Summary of peer research into PDA by Sally Cat

Description:

This blog post covers Sally Cat's motivations for carrying out peer research on PDA, including the evidence and knowledge gaps that she wanted to help fill. It summarises two different pieces of peer research she has conducted:

  • Her 2016 'Big Traits' study, which took a list of potential PDA traits created by peer suggestions, and tested their prevalence with PDA people and non-PDA autistic people. Analysis (some of which was conducted by Grace Trundle, a PhD student at the University of Nottingham), showed significant differences between these two groups for the majority of the traits, with the PDA group scoring higher in every instance.
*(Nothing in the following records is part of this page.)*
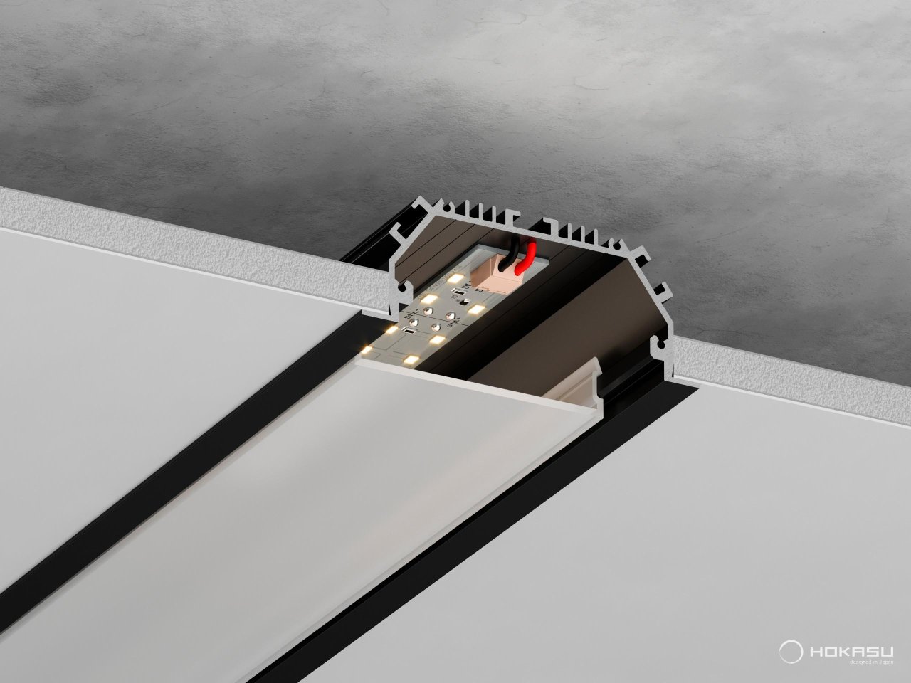 HOKASU Heat Control (HHC) is a specialty polycarbonate that delivers 10 times more heat than conventional raw plastic. The main factor affecting the durability of the luminaire is good cooling of the LED modules, which is very important when designing. Recall that the basis of the HOKASU linear lamp is aircraft-grade aluminum. The only element that does not transfer heat well is the diffuser. Based on these factors, we developed polycarbonate using HHC technology, which allowed us to increase heat dissipation in the finished luminaire.
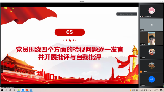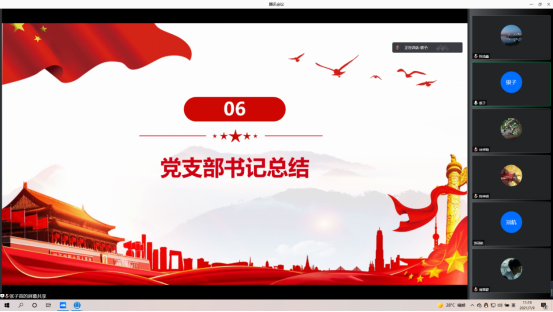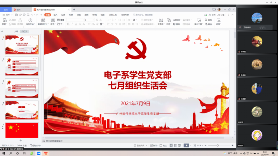 本网讯 为深入学习贯彻习近平总书记在庆祝中国共产党成立100周年大会上的重要讲话精神,引导党员坚定理想信念,发挥先锋模范作用。电子系学生党支部于2021年7月9日10:00通过“腾讯会议”平台召开七月组织生活会。出席本次会议的嘉宾有电子系学生党支部书记周洁银老师、电子系学生党支部副书记彭子豪同志以及各位学生党员同志。
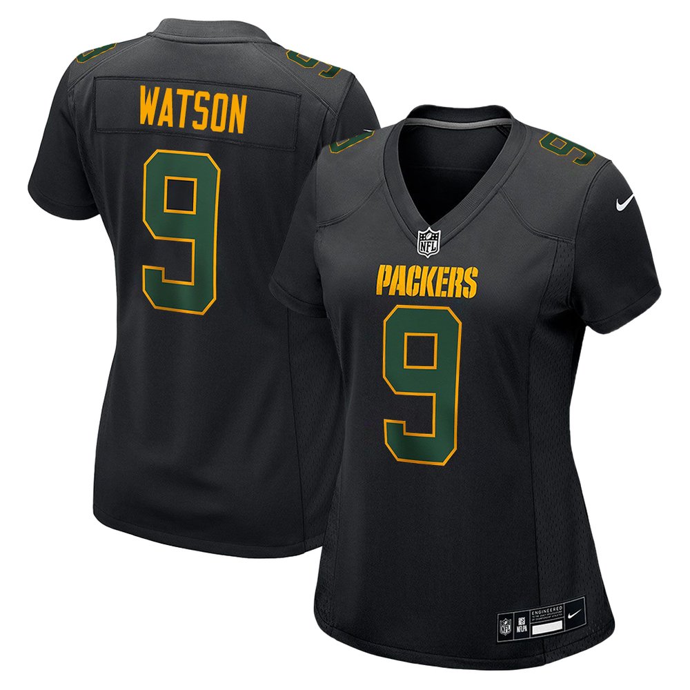 Women's Green Bay Packers #9 Christian Watson Carbon Black Fashion Game Jersey
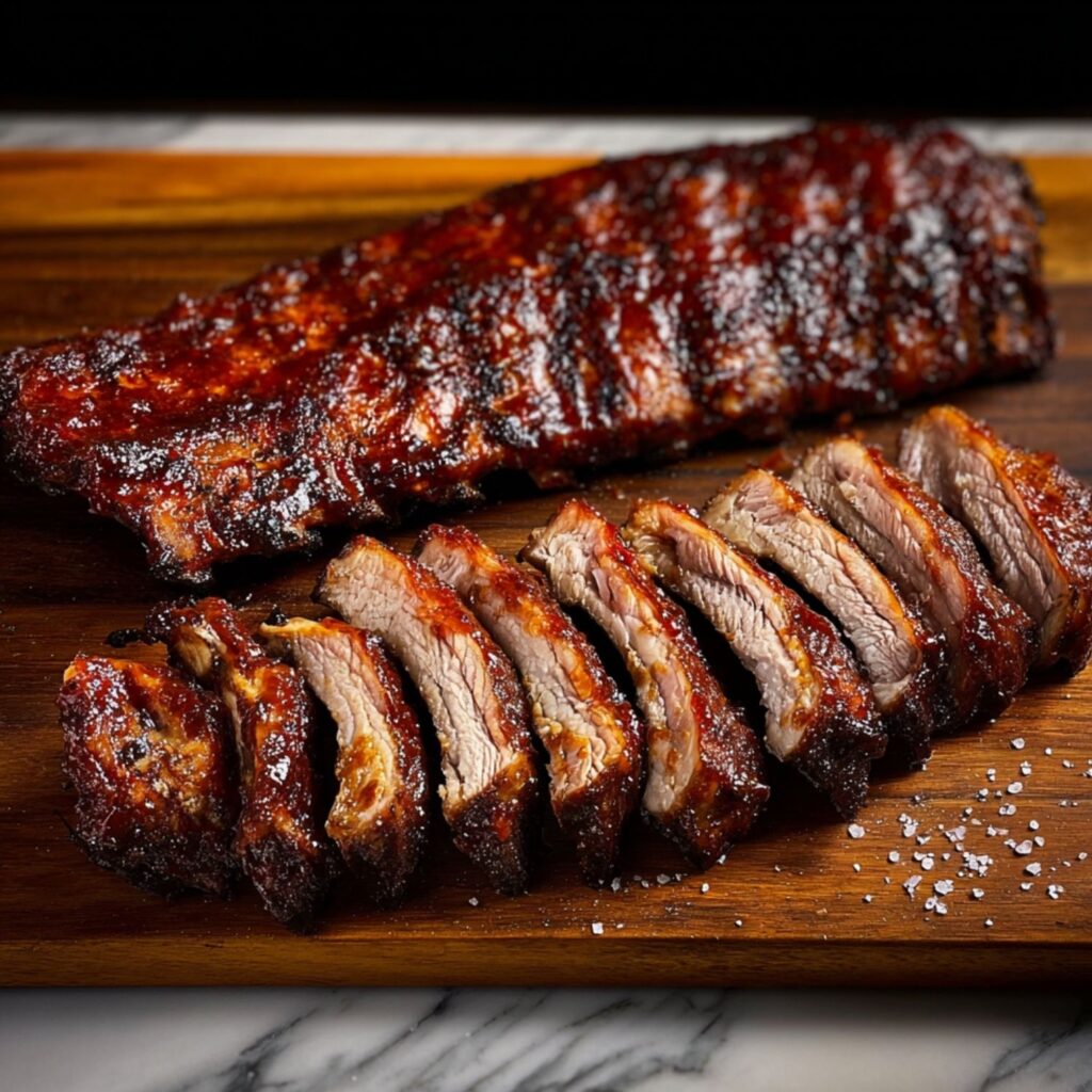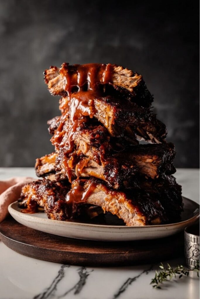 - Rest and Serve: Transfer the ribs to a cutting board and let them rest for 5 minutes. Slice between the bones and serve warm, with extra BBQ sauce on the side if you like.
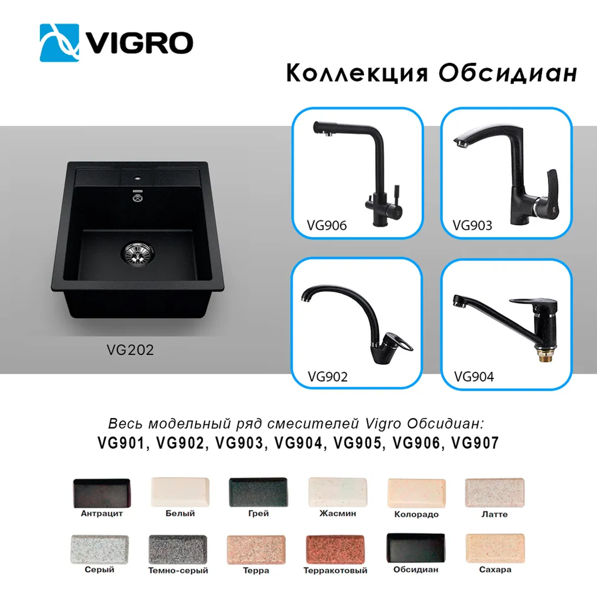 Мойка кухонная VIGRO VG202 обсидиан (460*500*195)
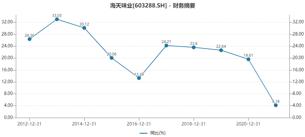 海天味业2014年上市,上市当年至2020年的7年里,除2016年外,公司营业收入增速均超过15%,扣非后归属于上市公司股东的净利润增速均超过20%。2021年匀速增长神话破灭。
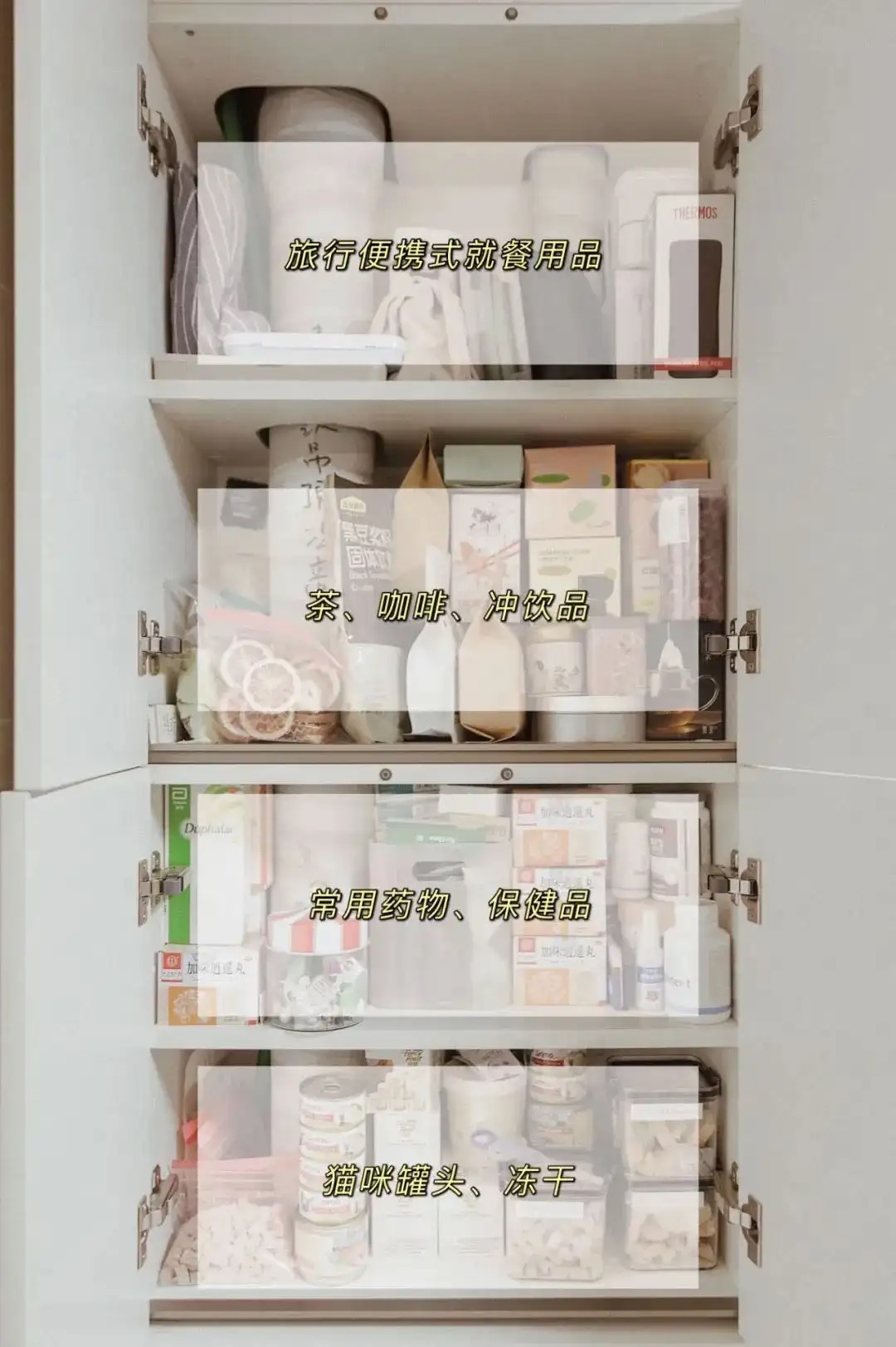 有时候觉得收纳盒是个挺占地方的存在,因为尺寸有限,并不一定能“物尽其用”使用好柜子内的每一寸空间。在厨房的一个四层柜子内,里面包着两条管道,之前各种量尺寸也没有找到特别合适的收纳盒,干脆放弃了,直接分好类把各种物品放进去,每次找起来也不会很麻烦。
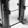 Barra Guiada - Possui a barra guiada com rolamentos em aço cromado na parte traseira, para uso com anilhas, o que torna o equipamento ainda mais versátil;
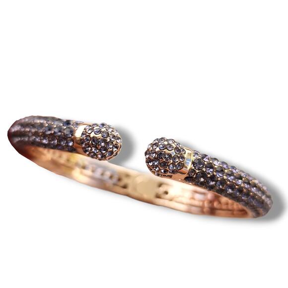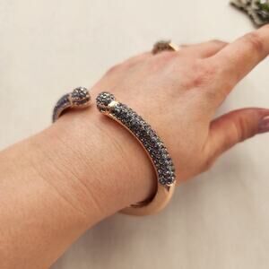 Purple Rhinestone Rose Gold Clamper Bangle Bracelet
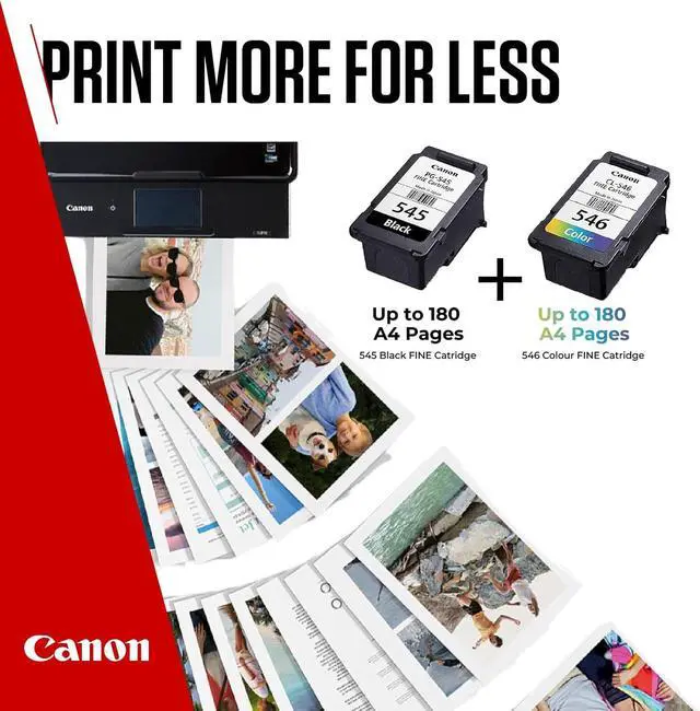 Since we were founded in Japan in 1937, Canon has been helping people reimagine and push the boundaries of what is possible through imaging. Canon PG-545/CL-546 Genuine Printer Ink Cartridges Pack of 2 (1 x Black, 1 x Colour) includes black and colour inks with 50 sheets of Glossy Photo Paper. Some things work better together - combining your Canon printer with genuine Canon ink cartridges and photo paper ensures optimum performance and superb quality with every print - only genuine Canon Ink provides consistent quality prints 100% of the time*. Includes 50 sheets of GP-501 10x15cm Glossy Photo Paper to produce economic vibrant photo prints great for holiday and travel photos. Compatible with Canon printers for home use and office - suitable for PIXMA TR4550, PIXMA TR4551, PIXMA iP2850, PIXMA MG2450, PIXMA MG2550, PIXMA MG2950, PIXMA MX495, PIXMA MG3050, PIXMA MG3051, PIXMA MG3052, PIXMA MG3053, PIXMA MG2550S, PIXMA MG2555S, PIXMA TS3150, PIXMA TS3151, PIXMA TS305, PIXMA TS205, PIXMA TS3350, PIXMA TS3351, PIXMA TS3352, PIXMA TS3450, PIXMA TS3451, PIXMA TS3452, PIXMA TS3355, PIXMA TR4650, and PIXMA TR4651. Genuine Canon Ink produces on average up to 35% more quality prints than imitation cartridges*. These printer ink cartridges are 100% recyclable. The Canon Cartridge Recycling Programme is the free, easy way to return your printer ink and toner cartridges to be reused or recycled - reduce your ecological footprint and help save the planet. Canon is committed to a no waste to landfill policy. Each element of every returned cartridge is reused or recycled; no part of the cartridge is sent to landfill. Genuine Canon ink, toner and paper are designed to work in harmony with your Canon printer to ensure high quality, reliable performance and excellent value with every print. *Based on a 2018 Keypoint Intelligence - Buyers Lab study commissioned by Canon comparing Canon cartridges with a set of third party cartridges.
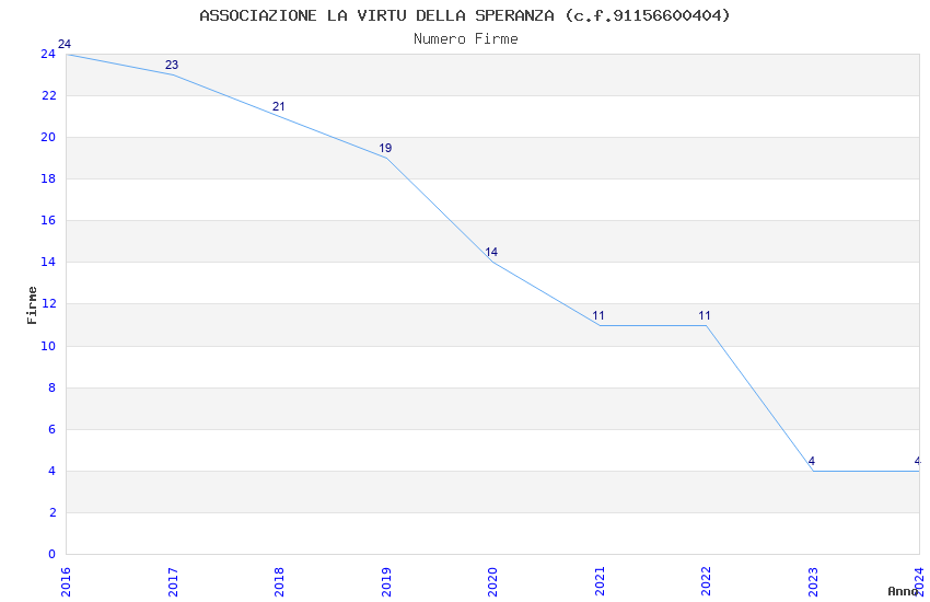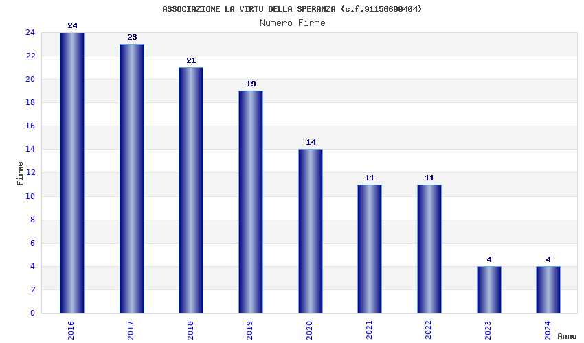 | Anno | Firme | Importi | Media | Naz. | Reg. | Prov. | Comu. |

Sally Cat also disaggregated the results by gender, a process that highlighted some markedly different female and male experiences for some of the traits.

 

  • Her 2018 Masking and Social Mimicry peer study, which aimed to investigate the nature of masking for PDA people. Participants included PDA people and non-PDA autistic people, as well as non-autistic people. More than half of participants in the PDA group felt their masking was hardwired and automatic. PDA and non-PDA autistic females were more likely than PDA males to think of their masking as automatic.

 

Sally Cat concludes by highlighting the additional "bag" of issues that comes with PDA, and noting how important it is not to try to change how neurodivergent people function.